Вокруг все так же стояли старушки, мужчина с волосами из носа, прикрывший глаза и дремавший стоя, женщина в шапке, почему-то все время поджимавшая губы. Я снова положил голову маме на колени, но тут трамвай остановился, я сразу же вскочил и посмотрел в окно. Красный глаз исчез за домом, длинной девятиэтажкой, в начинающее снова запотевать окно были видны буквы и цифры, нанесенные на дом черной краской через трафарет: пр. Энгельса 13—2. Спросить маму? Ведь ты даже не спросил, куда мы едем. Да нет, зачем, и так понятно. А если?.. НЕТ, не может быть! Да, сейчас будет остановка «Аэропорт», а потом…
Двери закрылись, трамвай застучал дальше. Я хотел, все время собирался спросить и не мог. «В шко-лу, в шко-лу», – гремели колеса, я вслушивался в их стук, повторял мою спасительную мантру: «5+6=11, 10+8=18». Где-то послышался нарастающий гул самолета, заходившего на посадку. Аэропорт. Отсюда мы летали в Ленинград – маленький домик, похожий на магазин, там скамеечки и одна вертящаяся лента, на которой можно получать чемоданы. Гул самолета перешел в тугой свист, уже удалявшийся – слева направо. Остановка сейчас, но от нее еще долго топать пешком до домика-магазинчика. Дверь снова открылась, впустив холодный воздух; женщина в шапке и мужчина с волосами в носу вышли. Наверное, встречают кого-то, из самолета, который садится. Стекло снова запотело, на нем играли красноватые отсветы, мама больше не протирала его, а я вглядывался в размытые очертания низких домов за стеклом и ждал. Сейчас, сейчас, еще несколько минут, несколько минут ватной тряски, «бум-бум» справа и слева по мешку, немного тепла электрической печки, немного запаха старой кожи от стоящей рядом бабушки, немного сонного дыхания, немного арифметики, 5+6 и 10+18, – и двери откроются, и появится она….

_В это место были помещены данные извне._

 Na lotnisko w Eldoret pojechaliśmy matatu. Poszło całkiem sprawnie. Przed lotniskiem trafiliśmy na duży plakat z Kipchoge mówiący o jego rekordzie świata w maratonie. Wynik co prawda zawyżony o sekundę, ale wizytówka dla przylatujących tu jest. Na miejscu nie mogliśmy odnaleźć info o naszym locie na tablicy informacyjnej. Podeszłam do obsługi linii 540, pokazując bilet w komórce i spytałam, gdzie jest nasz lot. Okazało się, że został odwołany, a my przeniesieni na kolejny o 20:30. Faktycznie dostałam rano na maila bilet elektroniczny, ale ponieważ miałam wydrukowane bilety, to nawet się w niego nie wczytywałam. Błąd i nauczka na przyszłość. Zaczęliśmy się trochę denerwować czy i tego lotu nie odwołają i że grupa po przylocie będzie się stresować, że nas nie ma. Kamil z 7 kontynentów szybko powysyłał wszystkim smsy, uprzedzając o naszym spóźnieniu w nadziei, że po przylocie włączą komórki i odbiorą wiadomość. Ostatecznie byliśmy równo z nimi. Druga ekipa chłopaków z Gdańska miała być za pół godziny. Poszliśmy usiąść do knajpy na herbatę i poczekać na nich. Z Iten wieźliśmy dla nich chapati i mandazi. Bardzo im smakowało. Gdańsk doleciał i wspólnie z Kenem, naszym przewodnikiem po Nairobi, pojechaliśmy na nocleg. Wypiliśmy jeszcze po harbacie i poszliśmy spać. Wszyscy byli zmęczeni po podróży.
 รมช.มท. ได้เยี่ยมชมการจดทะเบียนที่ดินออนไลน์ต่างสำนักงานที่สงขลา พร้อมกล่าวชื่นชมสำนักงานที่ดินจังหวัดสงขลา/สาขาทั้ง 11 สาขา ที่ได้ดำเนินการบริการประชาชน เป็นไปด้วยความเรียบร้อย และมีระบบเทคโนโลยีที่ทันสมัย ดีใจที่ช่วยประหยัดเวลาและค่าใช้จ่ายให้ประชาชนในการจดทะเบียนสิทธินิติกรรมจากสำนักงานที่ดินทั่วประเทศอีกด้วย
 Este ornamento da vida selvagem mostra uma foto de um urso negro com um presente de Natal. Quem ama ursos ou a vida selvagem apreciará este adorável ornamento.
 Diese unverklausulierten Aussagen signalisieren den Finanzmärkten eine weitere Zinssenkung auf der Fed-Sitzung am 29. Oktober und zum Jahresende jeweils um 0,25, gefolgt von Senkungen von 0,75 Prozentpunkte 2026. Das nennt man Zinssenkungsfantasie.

Она появилась. Мать взяла меня за руку, я быстро, в два прыжка спустился по ступенькам, оказался на остановке и увидел ее. Серая, тяжелая, словно вбитая гигантским молотом в землю, через дорогу, за остановкой, возвышалась больница.
Я повернулся к маме, хотел спросить, уже начал было: «Ш…?» – но осекся, не спросил. Мы перешли дорогу, вошли в знакомый вестибюль, прошли через знакомую вертушку, где мама дрожащим голосом сказала: «К Тихону Александровичу, на операцию», – и заспанная вахтерша назвала номер кабинета и этаж.
В голове по-прежнему была вата, толчок каждого шага по-прежнему колыхал ватный мешок: вправо-влево, вправо-влево. Открылась желтая норка лифта, пропустила нас, двери захлопнулись, обрезав дневной свет до щели, а потом погасив вообще – будто кто-то выключил телевизор. Остановка времени продолжалась, я поднимался с мамой на названный вахтершей этаж: лифт шумел, постукивал на этажах, позванивал тросами, шипел маслом на многочисленных колесах, злые пружины внизу застыли, тщетно ожидая, когда же маленькая светящаяся кабинка обрушится в гулкий зовущий тоннель – это было не со мной, не про меня, я спал, и ватный мешок покачивался из стороны в сторону. 5+6, 10+18… Мать уже вела меня по коридору, пахнувшему лекарствами и синими кварцевыми лампами, звук шагов гулко летал по коридору, мамины каблуки и мои семенящие кроссовочки; где-то в самом конце, за большой дверью, горел свет, оттуда были слышны приглушенные бубнящие голоса, как на кухне, когда меня отправляли спать. Дверь открылась, вышел дядя Тихон в белом халате и докторской шапке, поздоровался с матерью, приобнял ее, снова готовую расплакаться, за плечи, потом легонько развернул и подтолкнул в сторону коридора. Она пошла, так же цокая, и я, наконец решившись спросить, поняв, что поздно, вот сейчас она уйдет, а я останусь один, спросил: «Мама, это что, шоковая терапия?»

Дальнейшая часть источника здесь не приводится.